Hmmmmm. Everything old is new again.

Went to the Kahala Hotel & Resort Thursday to a press preview of this weekend’s Wine & Food Classic. Chef Carolynn Spence of Chateau Marmont in Los Angeles, the famed celebrity hangout and now culinary destination, prepared a quartet of amuse bouche — more like “tease” bouche. You know how on “Top Chef” they’re always making amuse bouche that’s too big? Not here. These were just enough to leave you panting for more.

The food was deeply interesting to me because it was both familiar and strange. She made a deviled egg, for example, a big seller at Chateau Marmont — she couldn’t even begin to estimate how many they sell in a night. A deviled egg! Isn’t that something your mom or you grandma used to make to put out when the ladies came to lunch or when the church group was meeting at your house? You had those twee serving platters with the half moon indentations so you could nestle the eggs safely because they were such, as Julia Roberts said in “Pretty Woman,” “slippery little suckers?” But there was something in this deviled egg — anchovies, perhaps? Something salty and fishy in a good way. Wanted more.

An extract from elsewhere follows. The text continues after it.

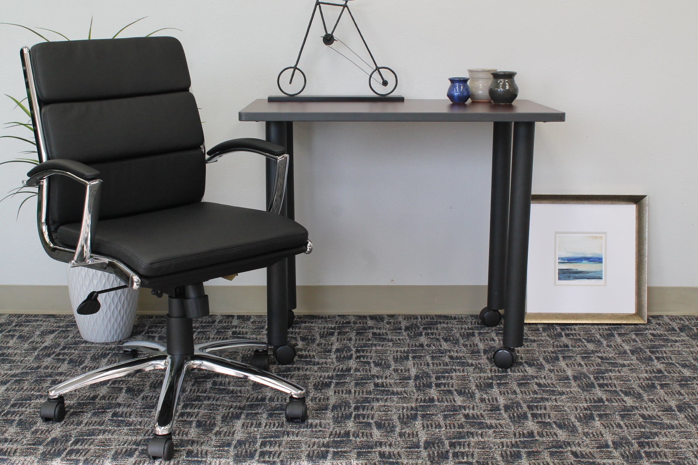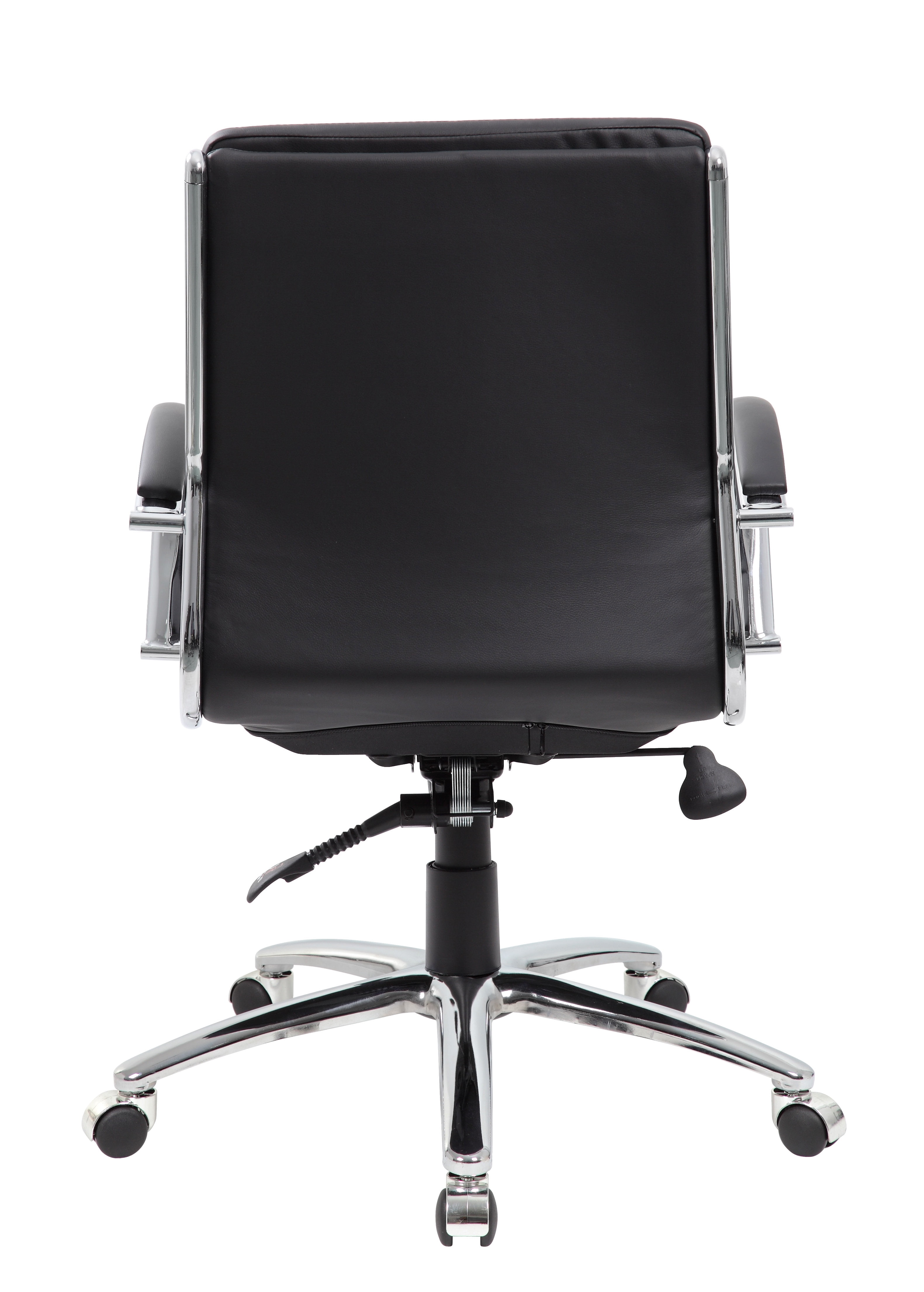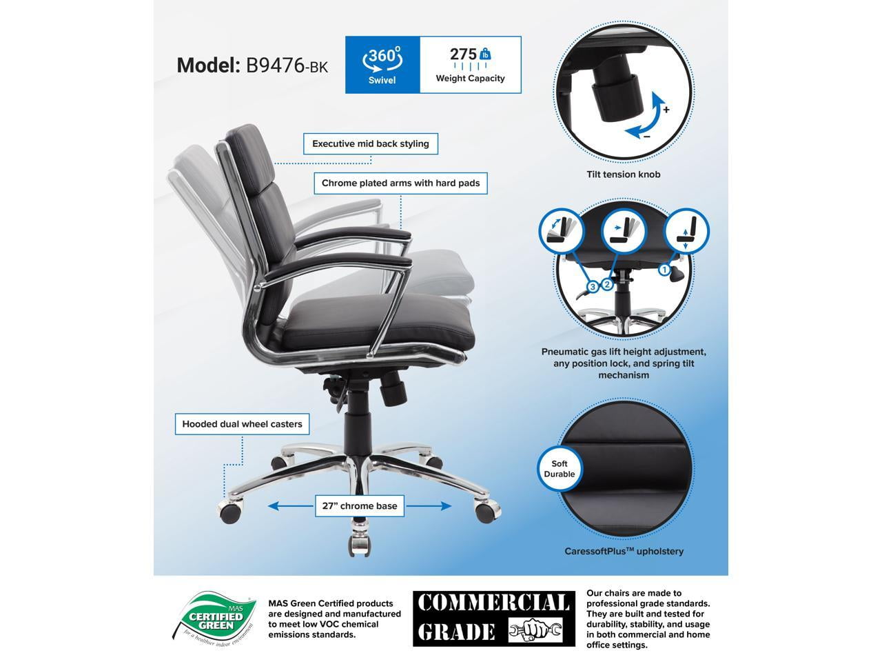 Upholstered with ultra-soft, durable and breathable Black CaressoftPlus™ upholstery. Mid-Back. Metal chrome plated arms topped with soft arm pads. Heavy duty 2 paddle spring tilt mechanism with infinite lock. Upright locking position. Pneumatic gas lift seat height adjustment. Adjustable tilt tension control. Large 27″ chrome base for greater stability. Hooded double wheel casters. Features: Finish: Black Seat Size 19″W x 20″D Material: Fabric Seat Height 20″ – 23″H Upholstered with ultra-soft, durable and breathable Black CaressoftPlus™ upholstery Mid-Back Metal chrome plated arms topped with soft arm pads Heavy duty 2 paddle spring tilt mechanism with infinite lock Upright locking position Pneumatic gas lift seat height adjustment Specifications: Product Dimensions: 37″H x 27″W x 27″D Product Weight: 39 lbs

There was also a shred of smoked trout on some bread (she called it “bacon of the sea,” and it is, indeed, called baconfish in some parts of the country. And there was a little, I don’t know, liverwurst thing? But the bit that got me going in my head was the bacon-wrapped date, a cousin of a dish I’ve made hundreds of times. I turned to my friend Lynn Cook, the only other person of my generation among the gaggle of late afternoon media and said “Rumaki.” And she nodded, smiling.

Rumaki belongs to that family of tiki kitsch dishes created by the likes of Donn the Beachcomber and Trader Vic’s, pooled from the imaginations of marketing-driven owners and anonymous Chinese line cooks. Technically, rumaki is chicken livers wrapped in bacon but it’s become an uber-name covering all manner of bacon-embraced nibbles: oysters in bacon (“angels on horseback”), almond-stuffed dates in bacon (“devils on horseback”), Spanish olives in bacon, chunks of cheese in bacon, chicken livers in bacon (said to have come about because there was an oversupply of livers in the days when restaurateurs actually bought whole poultry carcasses).

The thing that differentiated this particular bacon-wrapped indulgence was the sauce — a smear of dark-as-sin, reduced-to-the-nth glaze with a heady flavor of honey but also mysterious other things. Simple as the dish appeared, speared on a Japanese bamboo skewer, the bacon-date-honey-whatever marriage sang rhapsodies when it hit the mouth.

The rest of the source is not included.